Разговор коснулся также похищенных вещей, и он выразил большое желание получить свои золотые часы, сказав, что, если она принесет их, он охотно заплатит за них полную цену. Старуха сказала, что постарается, предоставив ему самому назначить цену.
Действительно, на другой день она принесла часы, и он дал за них тридцать гиней — больше того, что я могла бы за них выручить, хотя они, по-видимому, стоили гораздо дороже. Он завел тогда речь о парике, который стоил ему шестьдесят гиней, и о табакерке; через несколько дней старуха принесла ему и эти вещи, очень его обязав, и он дал ей еще тридцать гиней. На следующий день я прислала ему его красивую шпагу и трость бесплатно, ничего от него не потребовав. Однако на свидание я соглашалась при том лишь условии, что он откроет мне свое настоящее имя; он же на это не шел.
Тогда он вступил в длинный разговор с моей пестуньей о том, каким образом она разузнала обо всем этом деле. Та сочинила длинную историю, будто бы ей все рассказала одна особа, которую я посвятила в дело, так как она должна была помочь мне в сбыте вещей, а эта особа принесла вещи ей в заклад, зная, что она занимается этим делом; и вот, услышав о несчастье, постигшем его милость, старуха сразу смекнула, что произошло; получив вещи в свои руки, она решила прийти попытать его, что и сделала.

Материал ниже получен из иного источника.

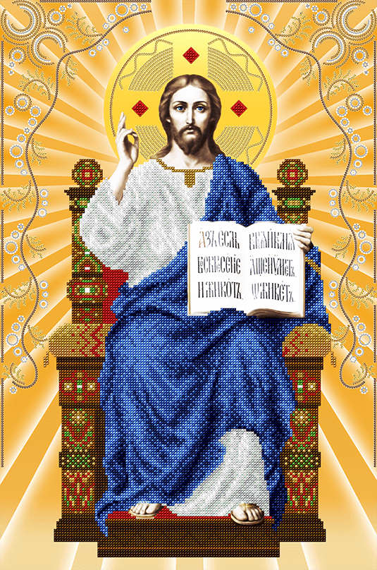 Схема для вышивания бисером Спаситель на престоле ТМ А-строчка выполнена из плотного атласа с нанесением яркой полноцветной печати высококачественными красками и содержит инструкцию.
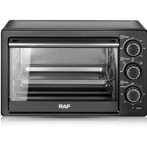 • Raf mini pećnica model R.5321 zapremine 22 litra i snage 1200 W predstavlja svestrano i praktično rešenje za svakodnevnu pripremu obroka, kombinujući dovoljno prostora sa snažnim performansama u elegantnom crnom dizajnu. Opremljena je kontrolom temperature u rasponu od 80 do 230 °C i tajmerom do 60 minuta, što omogućava precizno podešavanje i ravnomerno pečenje peciva, mesa, povrća ili brzo zagrevanje hrane. Kompaktnih dimenzija 43 x 33 x 31 cm i kabla dužine 0,95 m, ova pećnica se lako uklapa u svaki kuhinjski prostor, a uz kompletni pribor koji uključuje pleh za pečenje, rešetku za pečenje i pleh za roštilj, pruža širok spektar mogućnosti za kreativno kuvanje. Ova mini pećnica je idealan izbor za sve koji traže spoj funkcionalnosti, kontrole i modernog dizajna u svakodnevnoj upotrebi.
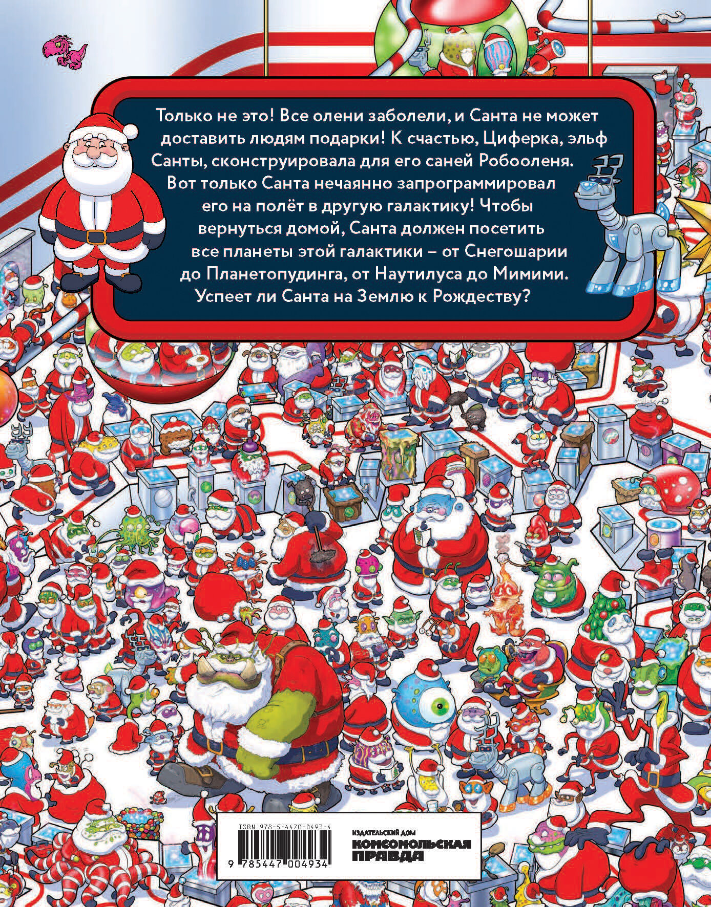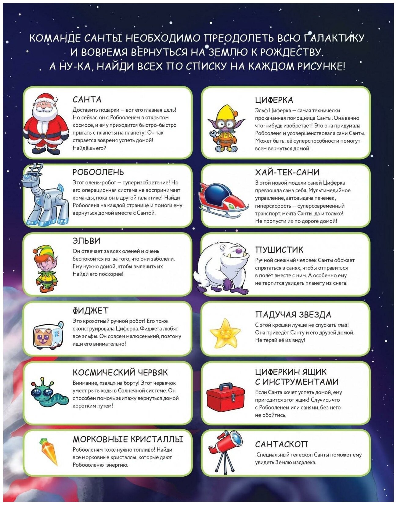 Книге с загадками на внимание. Чрезвычайное происшествие накануне Рождества! Нужно найти космический портал среди множества артефактов, чтобы помочь Санте вернуться на Землю, или праздник под угрозой срыва! Все олени заболели, и Санта не может доставить людям подарки! К счастью, Циферка, эльф Санты, сконструировала для его саней Робооленя. Вот только Санта нечаянно запрограммировал его на полет в другую галактику! Чтобы вернуться домой, Санта должен посетить все планеты этой галактики – от Снегошарии до Планетопудинга, от Наутилуса до Мимими. Успеет ли Санта на Землю к Рождеству?

Потом она снова стала заверять его, что никому не проронит об этом ни слова, и хотя хорошо знает ту женщину, — она подразумевала меня, — однако ничего ей не сообщила о том, кто он такой, что, кстати сказать, было неправдой; но для него не произошло от этого никаких неприятностей, потому что я никому не обмолвилась ни одним словом.

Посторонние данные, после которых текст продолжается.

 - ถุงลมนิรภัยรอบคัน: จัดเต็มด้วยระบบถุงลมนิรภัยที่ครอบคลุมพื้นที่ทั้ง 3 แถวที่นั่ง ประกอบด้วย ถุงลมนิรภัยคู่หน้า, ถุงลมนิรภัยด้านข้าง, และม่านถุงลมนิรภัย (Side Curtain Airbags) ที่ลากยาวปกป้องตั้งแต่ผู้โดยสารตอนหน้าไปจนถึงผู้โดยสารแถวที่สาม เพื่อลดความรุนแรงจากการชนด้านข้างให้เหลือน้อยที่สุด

Я часто думала о том, как бы снова с ним увидеться, и жалела что отказалась от встречи. Я была убеждена, что если бы я его увидела и дала ему понять, что знаю, кто он такой, то могла бы чем-нибудь от него поживиться и даже поступить к нему на содержание. Хотя это был дурной образ жизни, однако не столь опасный, как тот, что я себе избрала. Мысли эти, однако, стали все реже посещать меня, и я пока что отклонила его просьбу о свидании. Зато моя пестунья часто его видела, он был с ней очень любезен и почти при каждой встрече делал ей какой-нибудь подарок. Однажды она застала баронета очень, веселым и, как ей показалось, немного подвыпившим, и он снова стал упрашивать ее устроить свидание с женщиной, которая, по его словам, так его обворожила в ту ночь. Моя пестунья, которая с самого начала хотела, чтобы я с ним увиделась, сказала, что готова уступить его желанию и попробует уговорить меня, а после его многократных обещаний забыть все прошлое прибавила, что, если ему угодно будет пожаловать к ней сегодня вечером, она постарается исполнить его просьбу.

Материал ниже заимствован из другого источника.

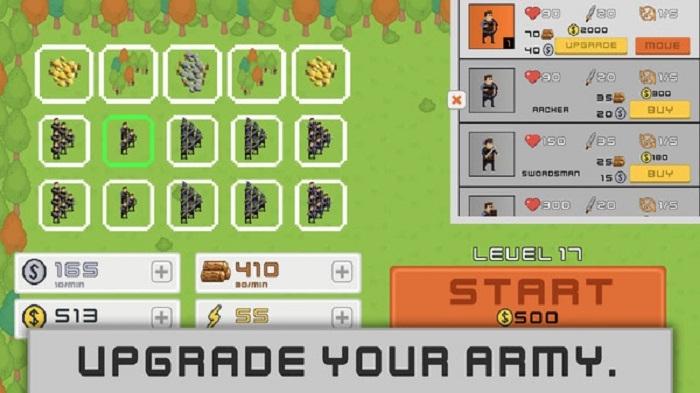 《壮大军队》是一款以像素风格为主的策略类游戏,玩家将沉浸在一个充满战术与挑战的世界中。游戏的核心玩法围绕着军队训练、兵种搭配和策略对战展开,每一场战斗都需要玩家精心策划和灵活应对。游戏中的兵种设计非常丰富,每个兵种都有独特的技能和成长路线,玩家需要通过不断的训练和升级来强化自己的军队。无论是弓箭手、骑士、重装步兵还是攻城器械,都能在对战中发挥关键作用。游戏强调循序渐进的过程,没有捷径可走,只有通过不断的尝试和优化战术,才能最终取得胜利。

После этого она явилась ко мне и передала весь разговор, а поскольку я уже начинала жалеть о своем прежнем отказе, скоро добилась от меня согласия. И вот я приготовилась к встрече: нарядилась, разумеется, как можно тщательнее и первый раз в жизни прибегла к помощи искусства; говорю — в первый раз, ибо никогда еще я не опускалась до того, чтобы румяниться, думая, в своем тщеславии, что я в этом не нуждаюсь.
В назначенный час он явился; было ясно, как пестунья заметила это уже днем, что баронет подвыпил, хотя далеко еще не был пьян. Он чрезвычайно обрадовался, увидя меня, и начал длинный разговор по поводу случившегося. Я несколько раз попросила у него прощения, заявив, что у меня вовсе не было такого намерения, когда с ним встретилась, что я бы не пошла с ним, если бы не приняла его за мужчину воспитанного и если бы он не надавал мне столько обещаний, что не позволит себе никакой нескромности.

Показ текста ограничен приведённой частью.